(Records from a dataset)
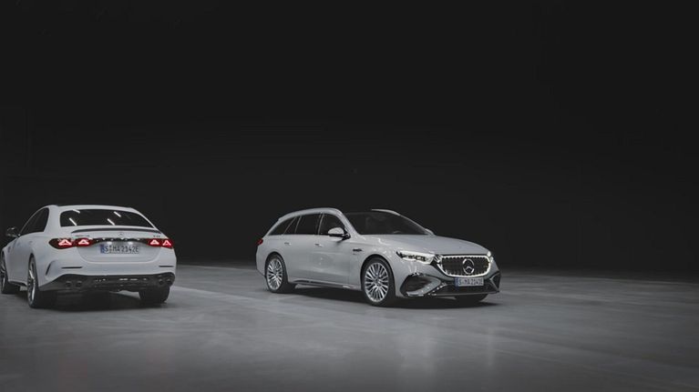 La nuova Mercedes Classe E 53 è la prima 'E' ibrida plug-in con il logo AMG."Esternamente i tocchi di sportività si notano nell'adozione della griglia Panamericana con lamelle verticali e illuminazione, ma anche dai parafanghi anteriori più larghi di undici millimetri, dalle appendici aerodinamiche e minigonne dedicate. Al posteriore è evidente il diffusore con quattro terminali di scarico rotondi.
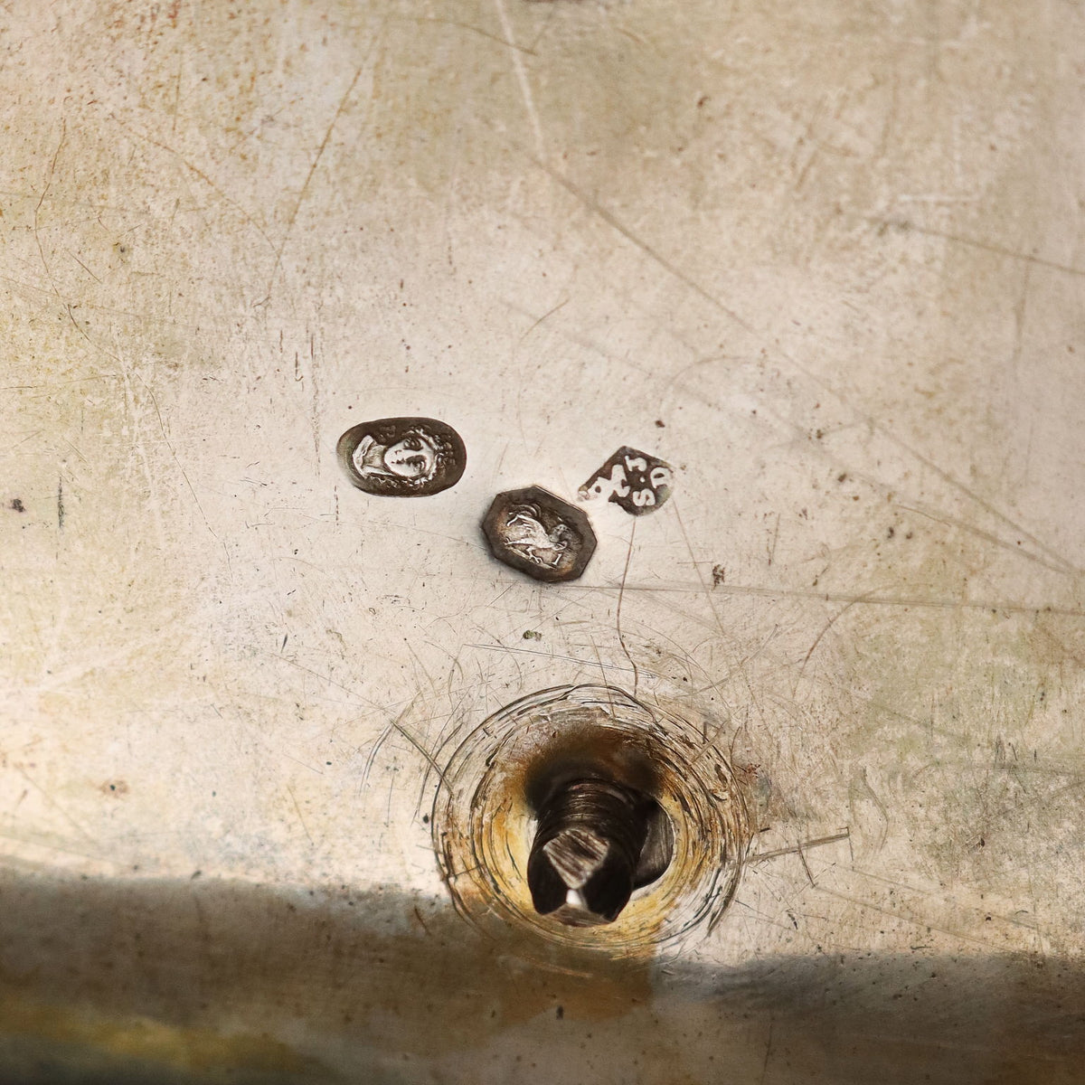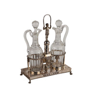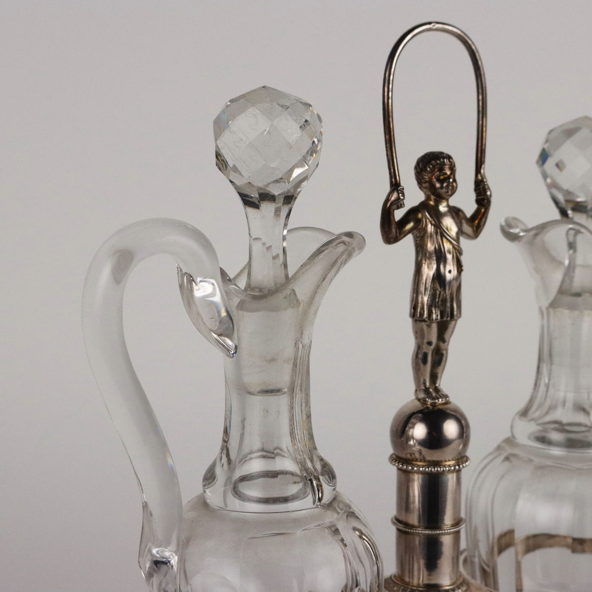 Molten, embossed and chiseled silver vinegar bottle, non-coeval cut crystal ampoules. Paris, master goldsmith “SJ Dupezard”, first quarter of the 19th century. Elegant model with plinth-shaped main body supported by four feral paws placed at the corners, four circular compartments, of which the two larger ones each hold an ampoule, each consisting of three musician putti with a herm-shaped body. Central section with applied neoclassical dolphin, connecting band decorated with anthems and a pair of masks depicting the Greek god Dionysus, raised column with a three-quarter sphere top culminating with a figure of a boy dressed in old-fashioned clothing, which supports the handle for the catch. Decorative apparatus completed by Greek leaves, beads and floral applications placed on the two long sides of the base plinth. Engraved monogram; it features hallmarks of the goldsmith, title, city guarantee and an unofficial one used by the Association des Orfévres. 756 grams. Ancient objects, , collector's articles, candle-holder.
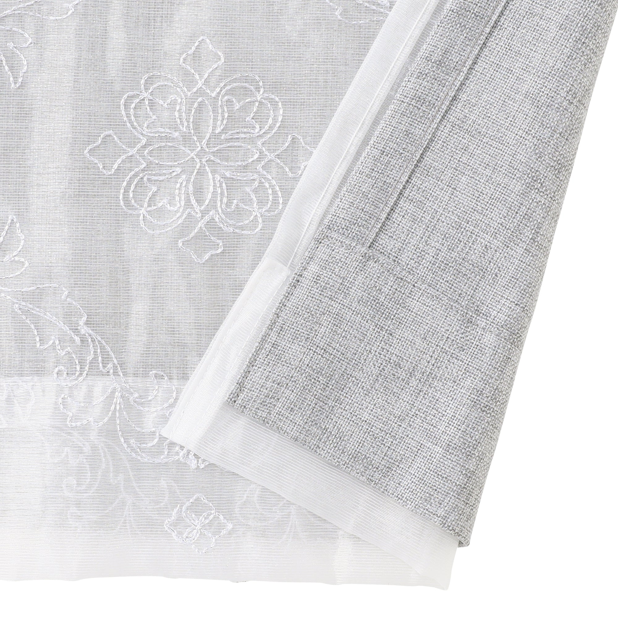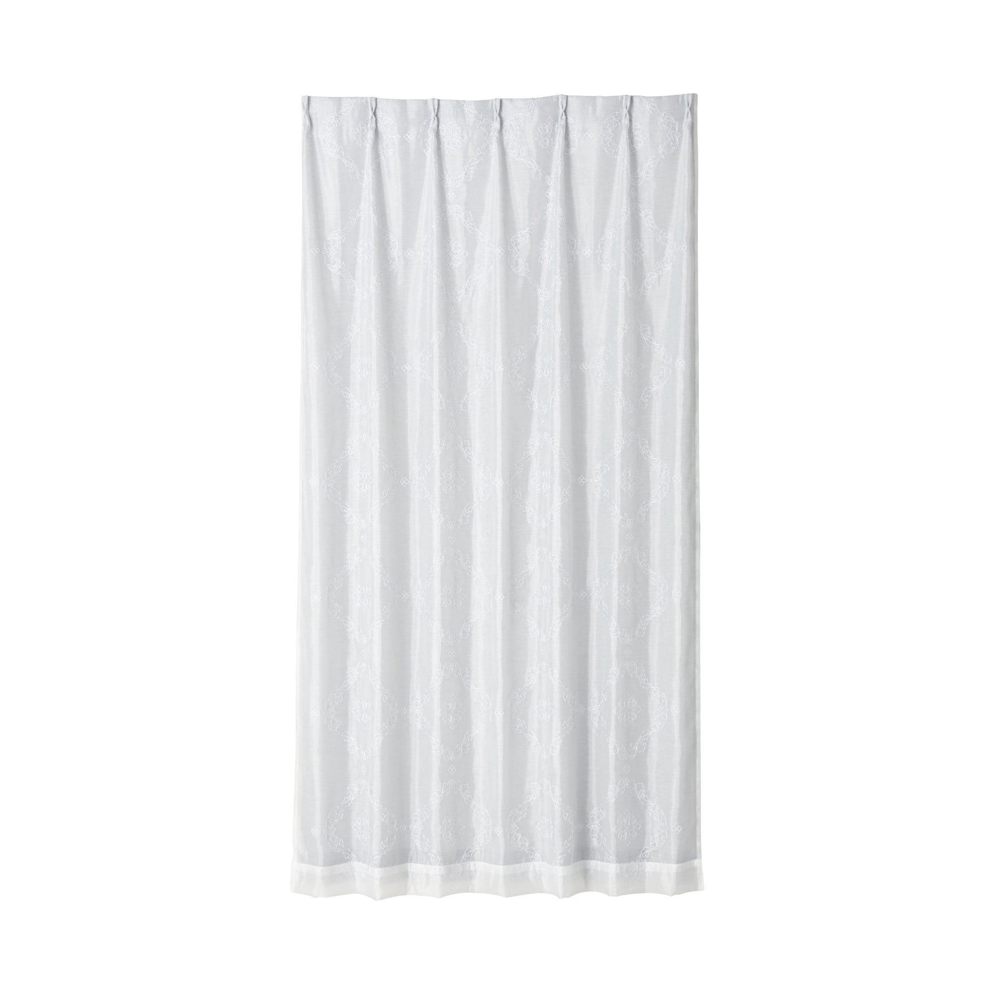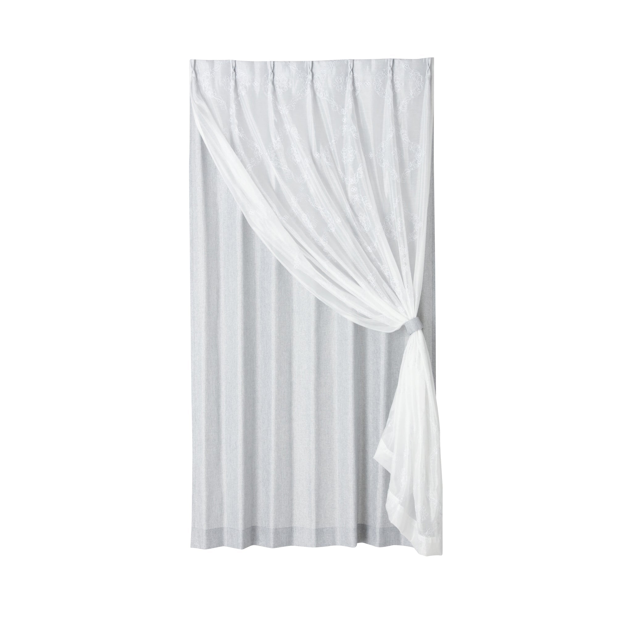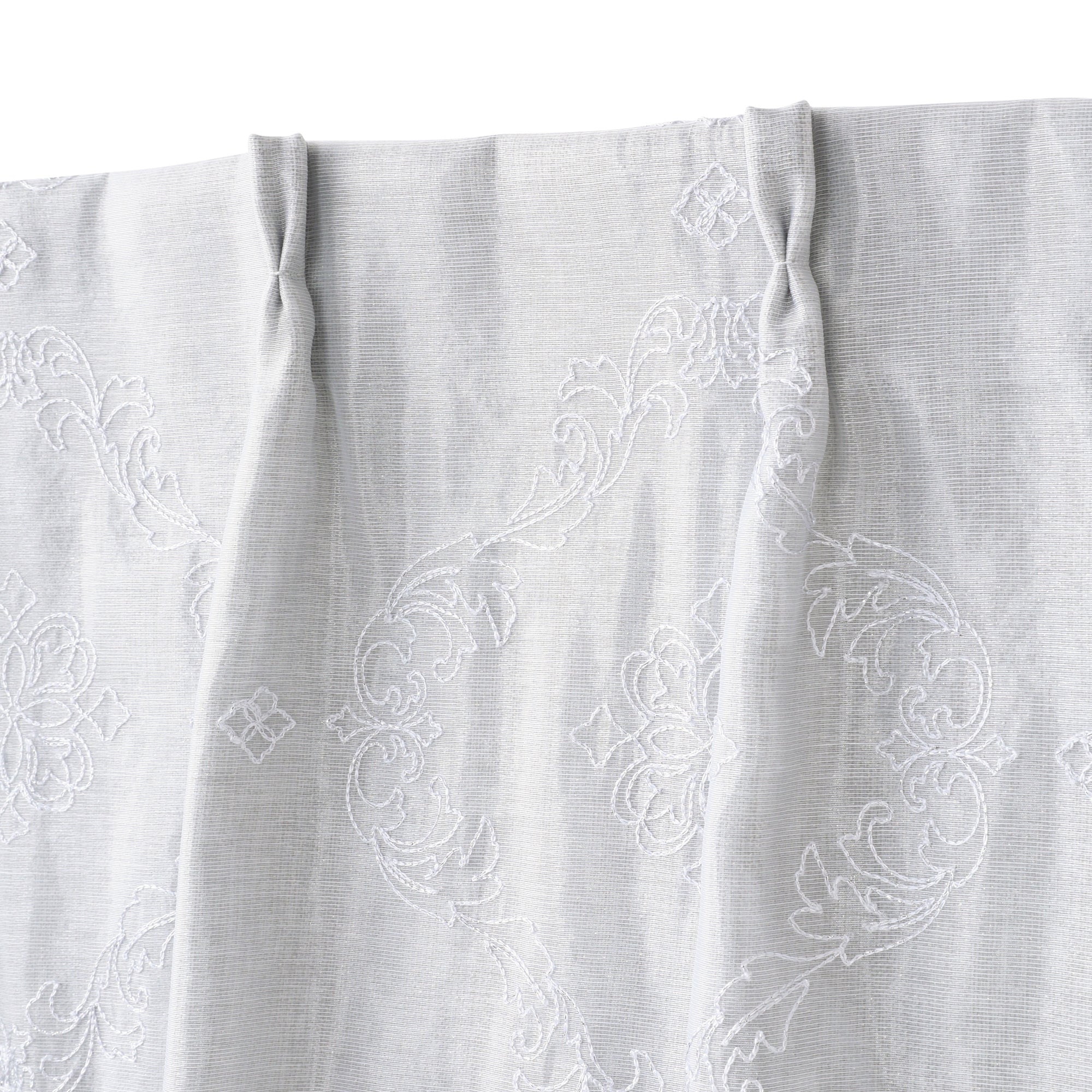 刺繍入りのレースをシンプルなドレープ生地に重ねたダブルカーテンです。 レースは光沢感のある生地にラメ糸でオーナメントの刺繍を施した高級感のあるデザイン。 どんなお部屋にも合わせやすい、アイボリーとグレーの2色展開です。 ※カーテンは全て1枚での販売です。2枚入りではございません。
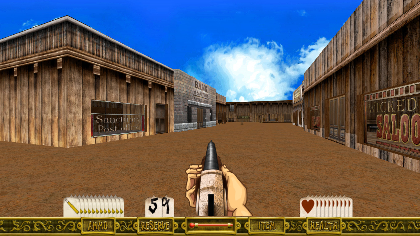 Разработчики использовали антураж вестернов на полную катушку: на месте и перестрелки среди салунов и мотелей, и обязательный этап с поездом, а уровни сложности обозначены не иначе как «хороший», «плохой» и «злой».
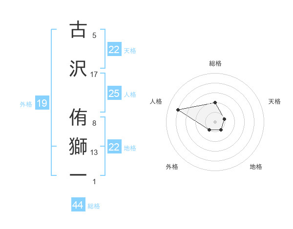 古沢 侑獅一さんの地格は22画の1点!
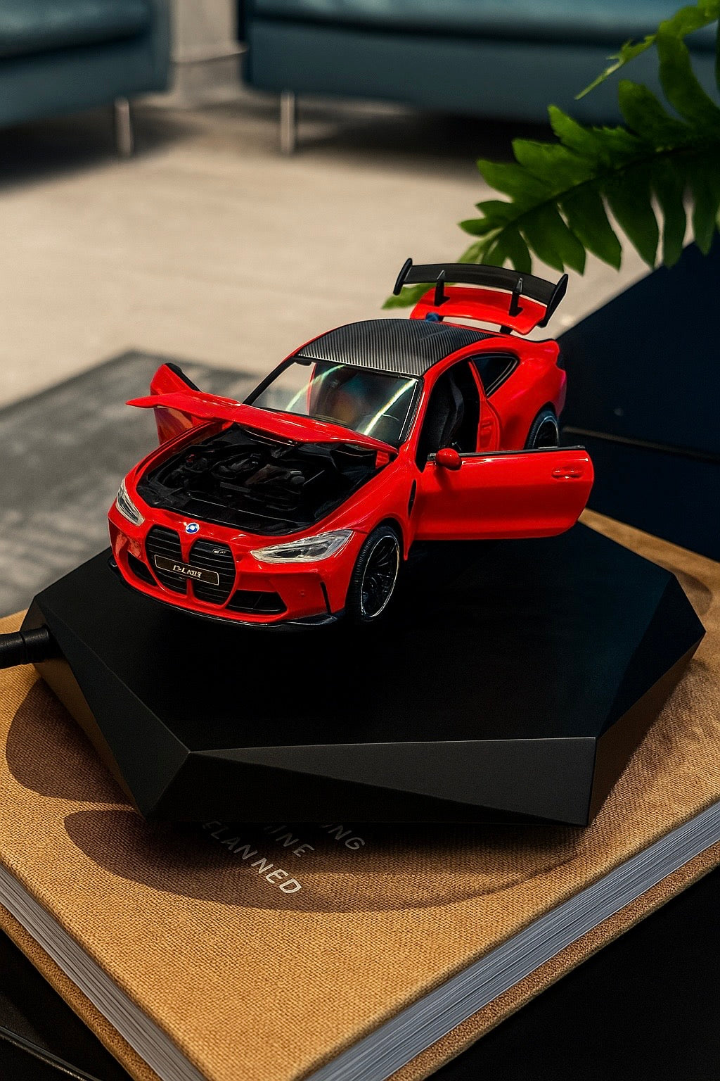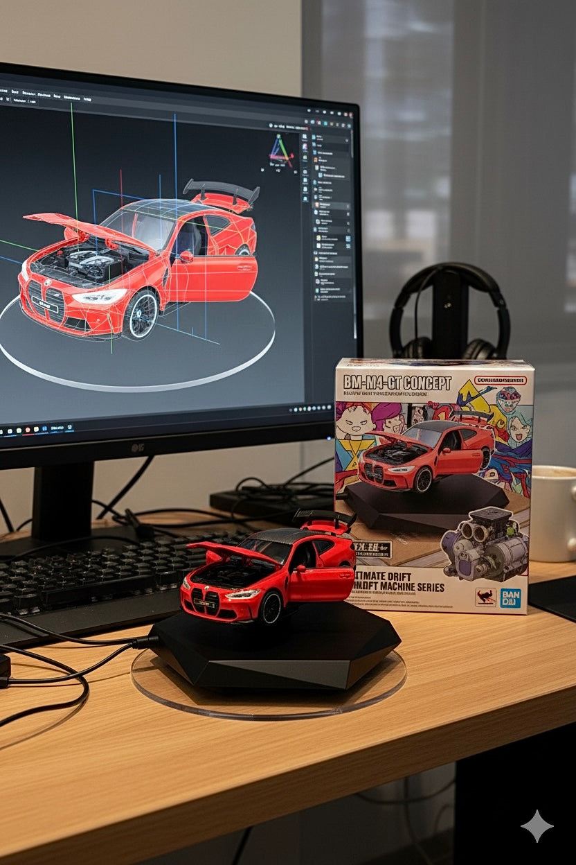 Experience engineering magic with this scale model of the BMW M4 Competition, designed to levitate gracefully above a sleek hexagon-shaped base using advanced electromagnetic technology. A perfect fusion of precision, performance, and innovation—this floating display piece is a true collector’s item that captures the spirit of BMW in motion, even while standing still.

**YOUR GOAL**.
Restate, word for word, each line from the line containing "古沢 侑獅一さんの地格は22画の1点!" through the end of the entries above; the pictures are not part of the copy.

**ANSWER SPACE**.
 古沢 侑獅一さんの地格は22画の1点!
 Experience engineering magic with this scale model of the BMW M4 Competition, designed to levitate gracefully above a sleek hexagon-shaped base using advanced electromagnetic technology. A perfect fusion of precision, performance, and innovation—this floating display piece is a true collector’s item that captures the spirit of BMW in motion, even while standing still.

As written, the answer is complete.